> _WORK TO COMPLETE_:
Below are records with pictures. Reproduce exactly the lines from the line with "مطلوب ممرضات للعمل" to the line with "Stojan má standardní", inclusive, and leave each picture out.

> _TASK MATERIAL_:
********************
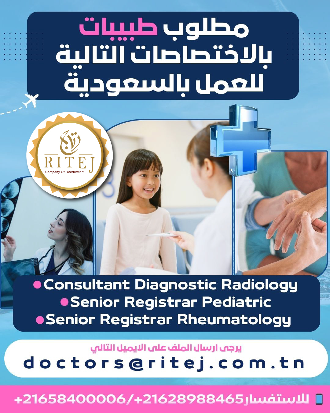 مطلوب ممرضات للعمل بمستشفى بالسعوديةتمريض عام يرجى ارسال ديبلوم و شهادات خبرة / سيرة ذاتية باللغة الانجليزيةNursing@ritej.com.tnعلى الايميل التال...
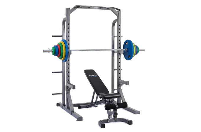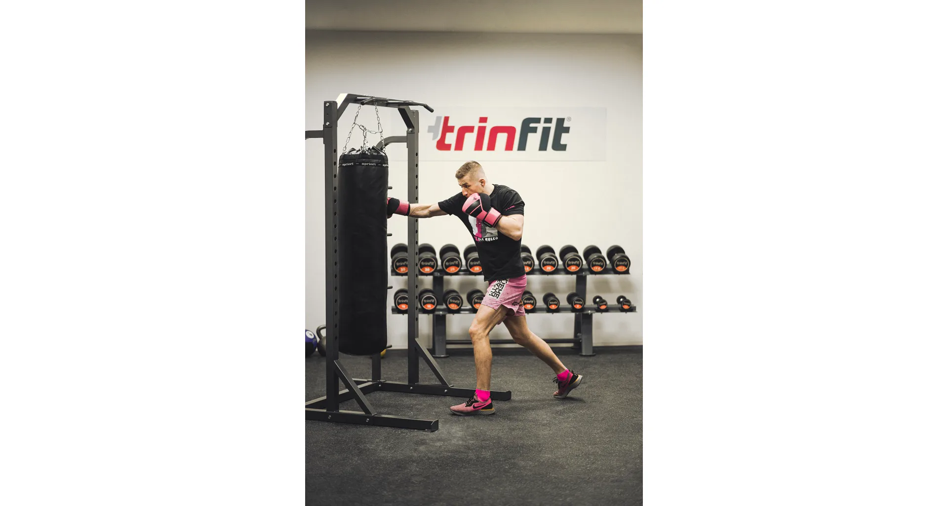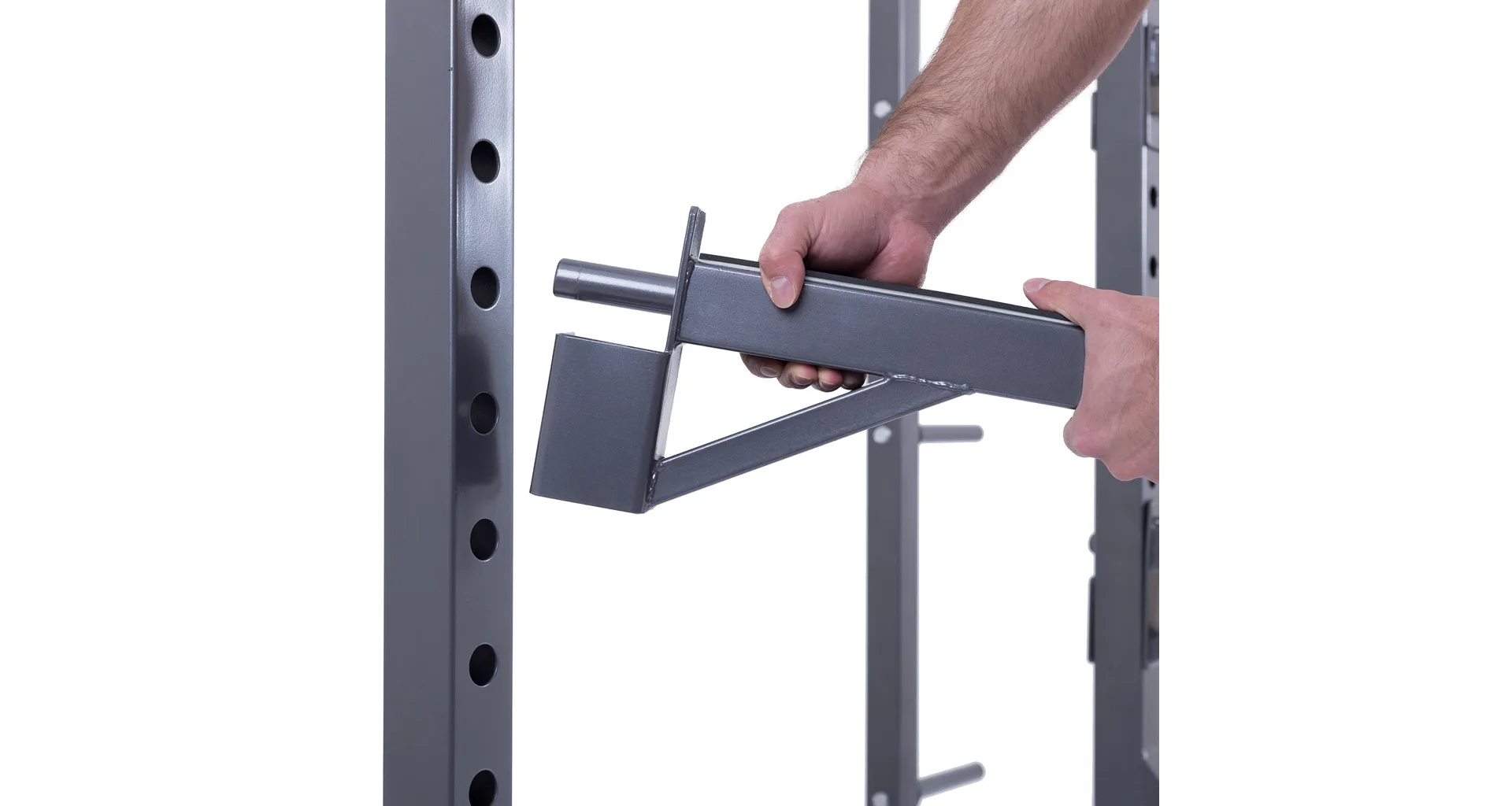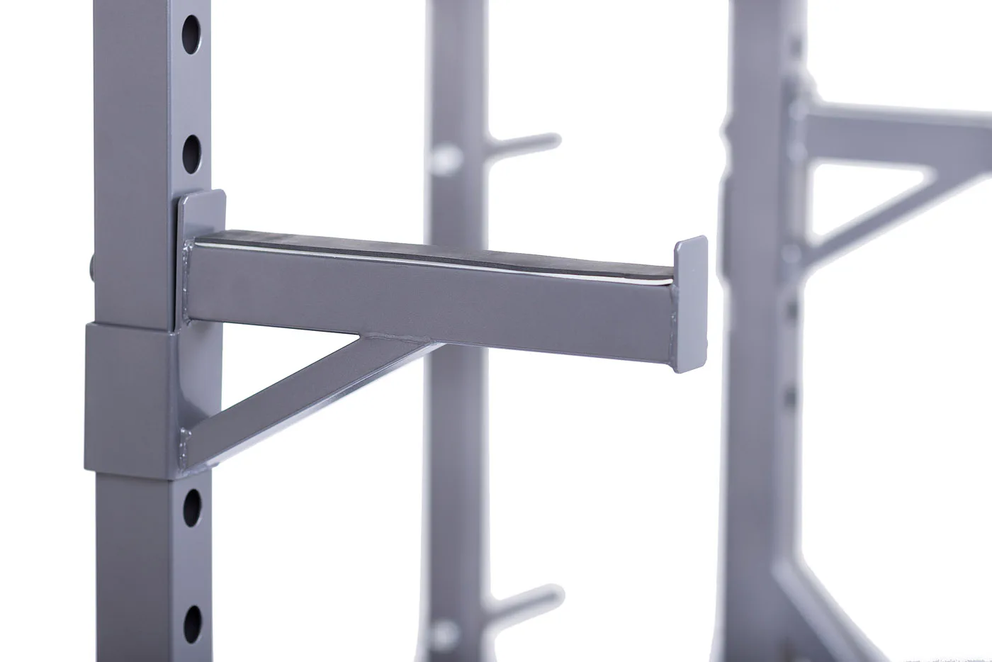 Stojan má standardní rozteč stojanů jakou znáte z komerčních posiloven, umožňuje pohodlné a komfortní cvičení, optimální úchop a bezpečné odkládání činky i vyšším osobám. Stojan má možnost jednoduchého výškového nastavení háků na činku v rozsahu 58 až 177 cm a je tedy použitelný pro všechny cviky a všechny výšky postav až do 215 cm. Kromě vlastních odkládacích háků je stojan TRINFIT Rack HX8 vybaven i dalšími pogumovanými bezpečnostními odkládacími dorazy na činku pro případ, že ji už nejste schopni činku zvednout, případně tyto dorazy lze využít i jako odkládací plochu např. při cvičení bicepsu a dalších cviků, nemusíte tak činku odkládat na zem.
********************
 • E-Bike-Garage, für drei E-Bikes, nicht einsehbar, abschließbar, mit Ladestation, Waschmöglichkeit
********************
> _RESPONSE BOX_:
 مطلوب ممرضات للعمل بمستشفى بالسعوديةتمريض عام يرجى ارسال ديبلوم و شهادات خبرة / سيرة ذاتية باللغة الانجليزيةNursing@ritej.com.tnعلى الايميل التال...
 Stojan má standardní rozteč stojanů jakou znáte z komerčních posiloven, umožňuje pohodlné a komfortní cvičení, optimální úchop a bezpečné odkládání činky i vyšším osobám. Stojan má možnost jednoduchého výškového nastavení háků na činku v rozsahu 58 až 177 cm a je tedy použitelný pro všechny cviky a všechny výšky postav až do 215 cm. Kromě vlastních odkládacích háků je stojan TRINFIT Rack HX8 vybaven i dalšími pogumovanými bezpečnostními odkládacími dorazy na činku pro případ, že ji už nejste schopni činku zvednout, případně tyto dorazy lze využít i jako odkládací plochu např. při cvičení bicepsu a dalších cviků, nemusíte tak činku odkládat na zem.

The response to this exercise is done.